Salmond argued he has “full editorial control” of the show but was then asked by host Kirsty Wark if his presence on the channel would “lend credibility to RT regardless of the content of his show.
He replied: “It would be a great idea if people watched the show and if it’s a good show and it has high production values and has interesting guests with interesting things to say they should say it’s a good show.
“And if it turns out to be Kremlin propaganda then people can slate me but why don’t they watch the show first and then decide.”
People did not appear to be convinced.
WHY IS RT SO CONTROVERSIAL?
The channel is funded by the Russian Government and its defenders, particularly those in the West, will point out that the BBC is also part-funded by the UK Government and as such the two are somehow comparable.
But to understand the role of RT you have to look at the wider media landscape in Russia. Whereas the UK is a thriving democracy in which dissent and opposition voices flourish, Russian media is tightly controlled and those who oppose the Government of Vladimir Putin are routinely jailed, found dead in mysterious circumstances or forced to flee abroad.
Upon the establishment of RT’s new parent organisation, Rossiya Segodnya, in 2013, Putin’s spokesman said: “The tool of propaganda is an integral part of any state. It is everywhere.
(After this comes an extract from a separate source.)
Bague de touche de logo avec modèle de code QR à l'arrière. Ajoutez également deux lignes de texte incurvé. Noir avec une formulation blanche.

And Russia should use it as well. Propaganda in the good sense of the word.”
PRESS FREEDOM IN RUSSIA
Russia consistently ranks amongst the lowest countries in the world for press freedom and has been heavily criticised by Human Rights Watch, Reporters Without Borders, the US State Department, the International Press Institute, the United Nations Human Rights Committee, and Freedom House, to name just a few.
DEATHS OF JOURNALISTS
38 journalists have been murdered in Russia since 1992, all but five were investigating corruption, politics, crime, business, war or human rights abuses.
In many of the cases, most notably that of Anna Politkovskaya, the suspects behind the killings are Government-linked and have never been brought to justice.
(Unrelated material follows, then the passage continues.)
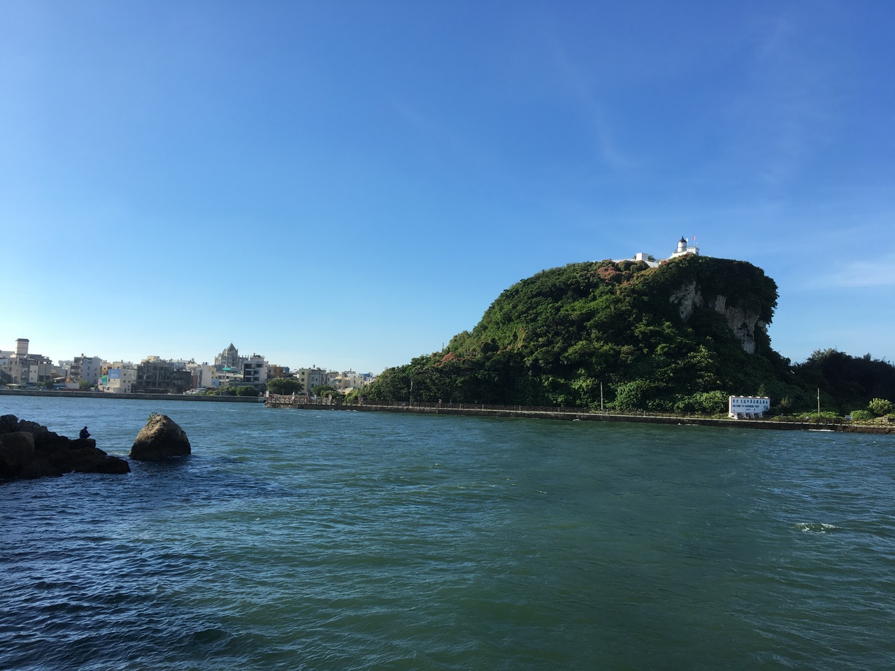 高雄港に入港や出港する船が、狭い海峡を横断する様子はなかなかです。旗津灯台側と西子湾側の両方に大きな標識が立っていました。西子湾の先に展望所があり、そこから見ると、手の届くようなところを大型船が通る様はとても面白いです。

For context, only one journalist has been killed in the UK during the same period, four in the USA, two in China even in Afghanistan, a country that has been at a near-constant state of war since 1992, the total is only 13.
WHAT THEY DO AND DON’T REPORT
The extent of the Kremlin control over the media aptly summed up in a report from the European Council of Foreign Relations which states:
“Presidential Press Secretary Dmitry Peskov meets the editors of the main government media platforms in the Kremlin each Friday to outline the expected – demanded – lines and topics for the week ahead.
“These are supplemented by written secret guidance memoranda known as temniki. Likewise, specific tasking is given to other agencies.
The ‘troll farms’ receive daily and weekly targets and talking points. Telegrams from MID guide the activities of Russia’s embassies abroad.”
As such RT, whilst claiming to show viewers what other channels won’t, omits narratives that could damage the Kremlin whilst helping to propagate others that are beneficial even to the extent of pushing conspiracy theories.
Novaya Gazeta and Amnesty International, interviewing some of those who managed to escape, earlier this year documented the detention, torture and murders of gay men in Chechnya, a federal subject of Russia.
Despite testimonies from a wide variety of sources in Western media, RT simply ran with stories denying the allegations quoting solely Kremlin sources.
RT also played a central role in smearing the White Helmets in order to bolster the Russian-backed regime of Syria’s Bashar al-Assad.
WHO ELSE HAS APPEARED ON RT?
Salmond joins such company as George Galloway and John Pilger both of whom have helped push the debunked While Helmets conspiracy theory, and Julian Assange.